»»

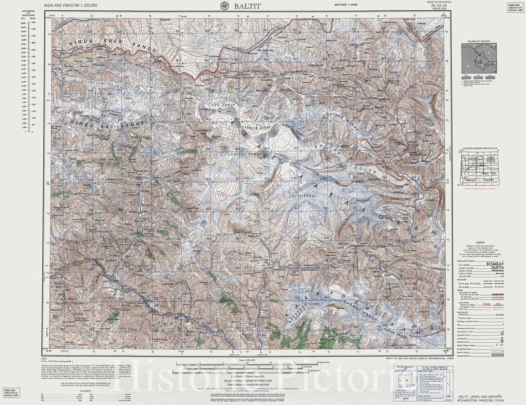 Historic 1955 Map - India and Pakistan 1:250,000. - Baltit, Jammu and Kashmir, Afghanistan, Pakistan, China 1958
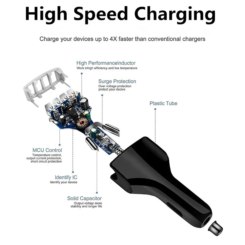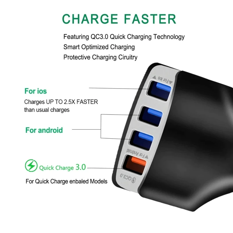 1. Автомобильное зарядное устройство USB с 4 портами: 4 usb-порта позволяют заряжать 4 устройства одновременно
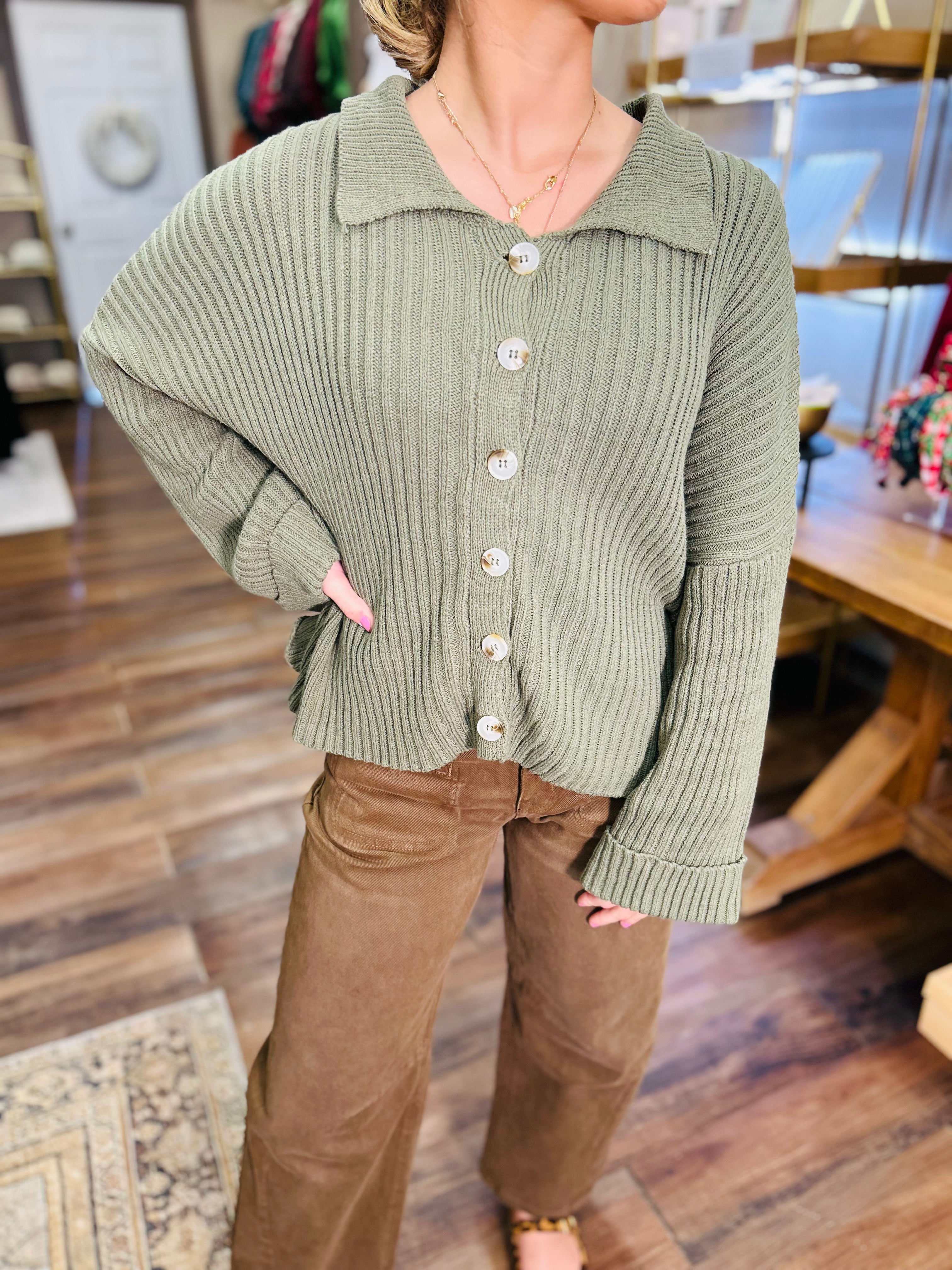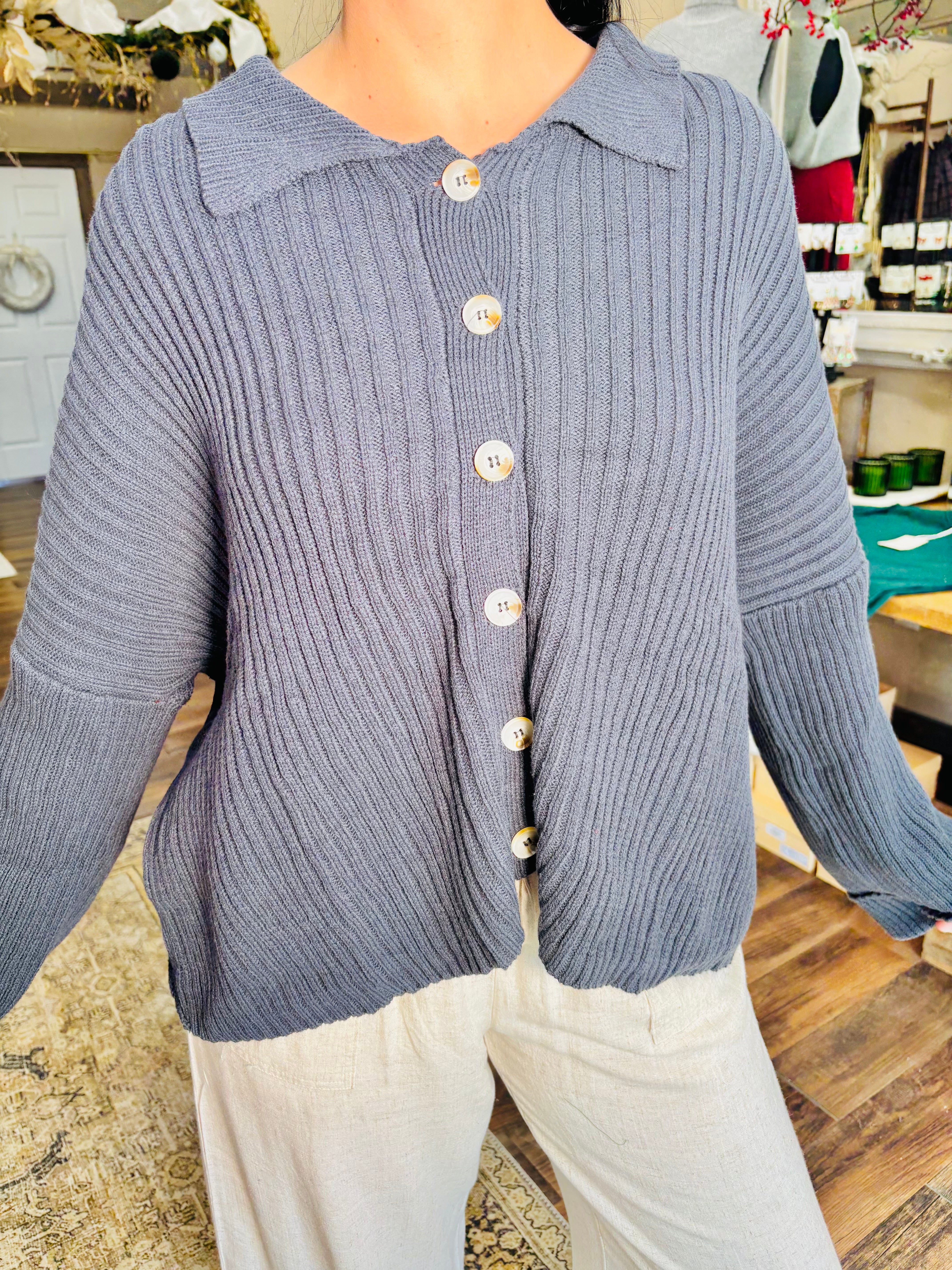 Cozy meets cool in the Wren Ribbed Sweater, featuring a classic collared button-down design with long sleeves and a flattering ribbed texture. Available in warm caramel, deep navy, and earthy olive, it’s the perfect playful layer to brighten up any outfit while keeping you snug all day long.

««

Copy the listing above exactly, minus the pictures.

 Historic 1955 Map - India and Pakistan 1:250,000. - Baltit, Jammu and Kashmir, Afghanistan, Pakistan, China 1958
 1. Автомобильное зарядное устройство USB с 4 портами: 4 usb-порта позволяют заряжать 4 устройства одновременно
 Cozy meets cool in the Wren Ribbed Sweater, featuring a classic collared button-down design with long sleeves and a flattering ribbed texture. Available in warm caramel, deep navy, and earthy olive, it’s the perfect playful layer to brighten up any outfit while keeping you snug all day long.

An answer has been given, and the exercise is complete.